The reset values for all the PCF lines are high and hence on
shutdown we should drive all the lines high in order to
bring it to the reset state.
This is actually required since PCF doesn't have a reset
line and even after warm reset (by invoking "reboot" in
prompt) the PCF lines maintains it's previous programmed
state. This becomes a problem if the boards are designed to
work with the default initial state.
DRA7XX_evm uses PCF8575 and one of the PCF output lines
feeds to MMC/SD VDD and this line should be driven high in order
for the MMC/SD to be detected. This line is modelled as
regulator and the hsmmc driver takes care of enabling and
disabling it. In the case of 'reboot', during shutdown path
as part of it's cleanup process the hsmmc driver disables
this regulator. This makes MMC *boot* not functional.
Fix it by driving all the pcf lines high.
This patch was sent long back
(https://patchwork.ozlabs.org/patch/420382/)

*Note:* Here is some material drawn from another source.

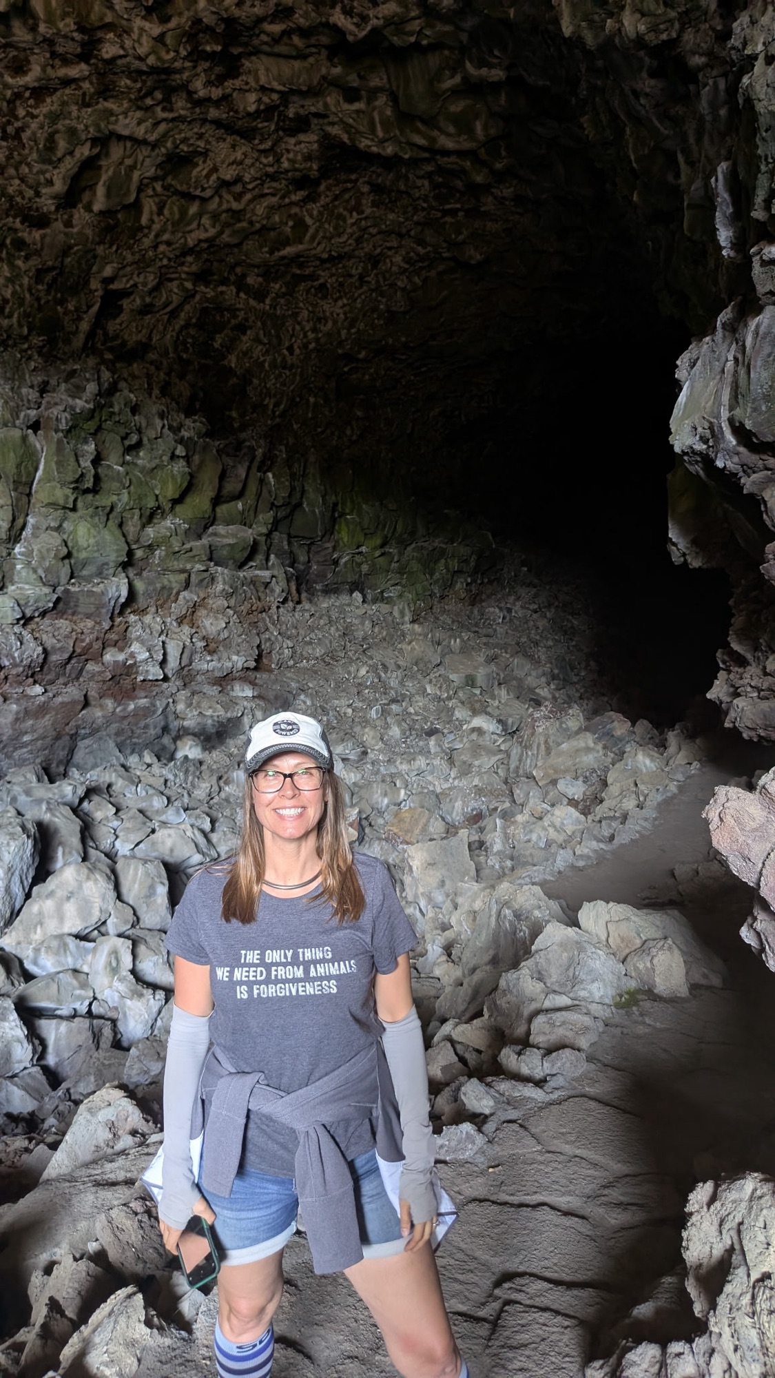 We trekked into a lava tube cave in the desert where there is a continuously frozen pond, enjoyed beautiful views of Mt. Hood, and ate good vegan food.

But there was a concern that contention might occur if the
PCF shutdown handler is invoked before the shutdown handler
of the PCF's consumers. In that case PCF shutdown handler can't
drive all the pcf lines high without knowing if the PCF
consumers are still active.
However commit
52cdbdd4985 ("driver core: correct device's
shutdown order") will make sure shutdown handler of PCF's
consumers are invoked before invoking the shutdown
handler of PCF. So it should be safe to merge this now.